Rylana sighed. “When he revealed his motivations, I wasn’t entirely convinced he was wrong to want the gnomes’ secret to come out, and I could understand wanting reparations for stolen land. But the blackmail bit and unleashing this curse… I could never condone any of that.”

Would she have felt any conflict or sympathy toward Vormalt if they hadn’t once had a relationship? She didn’t know. Even if he might have been angling for access to her family’s castle—and the buried troll temple—all along, that didn’t erase the fact that they’d spent intimate time together once.
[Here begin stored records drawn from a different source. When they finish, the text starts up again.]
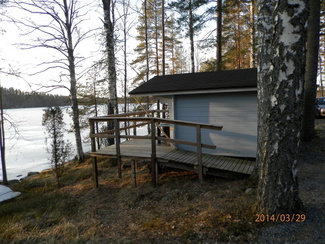 ![]() Päärakennuksessa, joka on kaikkien alueella olevien jäsenten käytössä, on tupa, sauna ja iso veranta. Tuvassa on avotakka, puuhella, sähköliesi, jääkaappi, mikroaaltouuni, kahvinkeitin, radio ja tv. Astioita löytyy jonkin verran (lautasia, ruokailuvälineitä, kattiloita, paistinpannuja ym). Pihassa on grillikatos. Ulkokäymälä. Useampi vene löytyy rannasta sekä pelastusliivejä päärakennuksessa. Alue on sähköistetty. Oma kaivo löytyy kolmosmökin vierestä, tuo kuitenkin juomavasi tullessasi. |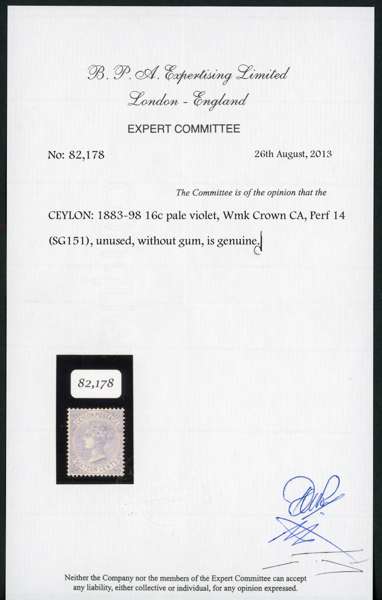 1883-98 16c pale violet, Wmk CA, unused without gum, still a fine example of this extremely scarce and delicate stamp with good colour. BPA Certificate (2013) SG 151 £2000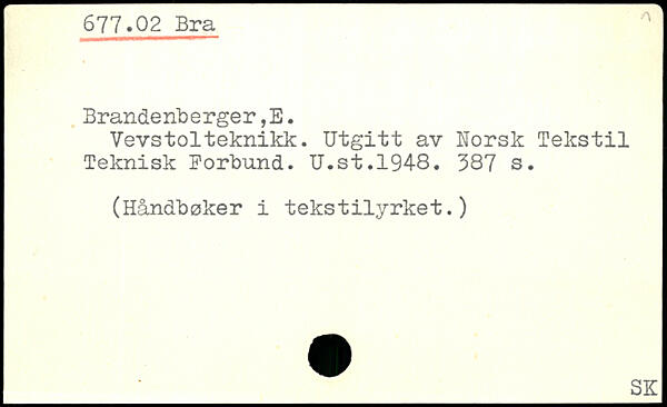 Vevstolteknikk. Utgitt av Norsk Tekstil Teknisk Forbund. U.st.1948.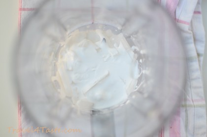 2. Put together the frozen banana, coconut milk, ice cubes, and your double espresso and blend it all together.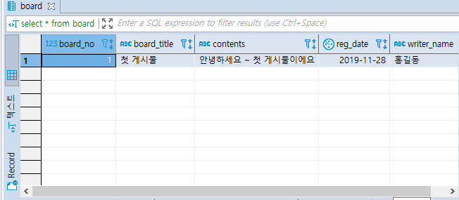 3.2 board 테이블이 정상적으로 생성되었으면 아래와 같이 임시로 데이터를 insert 한 후 select 해서 결과를 확인한다.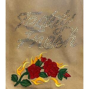 Teddy Fresh Embroidered Roses Rhinestones Thick Joggers Pants Women’s 2XL Beige
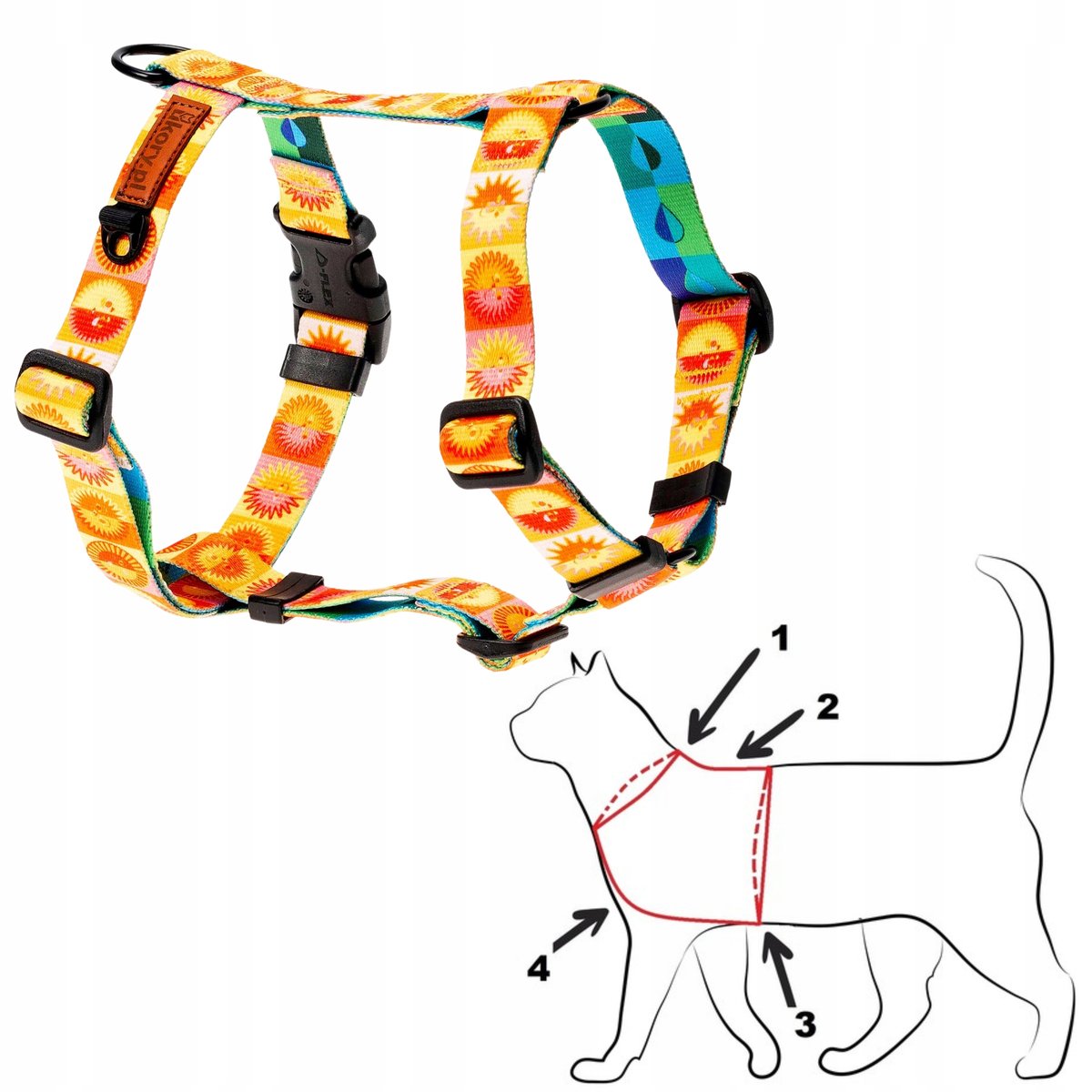 - Czy szelki pasują na każdego kota? Szelki są dostępne w różnych rozmiarach i są regulowane w 4 miejscach, co pozwala na ich dopasowanie do większości kotków.

Rylana walked back across the roof, intending to climb down to the alley, but she jerked to a halt. A blue beam of light now shone upward from Lucky Island. It was similar to the one that had flowed from her castle days earlier.

“That’s not a promising sign.” Sylin pointed not toward Lucky Island but across the lake toward Avandar Castle.

Rylana gaped. Once again, a blue beam of light was shining upward from it as well.

“What in both hells?”

“If the gnomes’ story of the new god is indeed a fabrication,” Sylin said, “there may only be one hell.”

Rylana looked at her with exasperation. This wasn’t the time for a semantics discussion.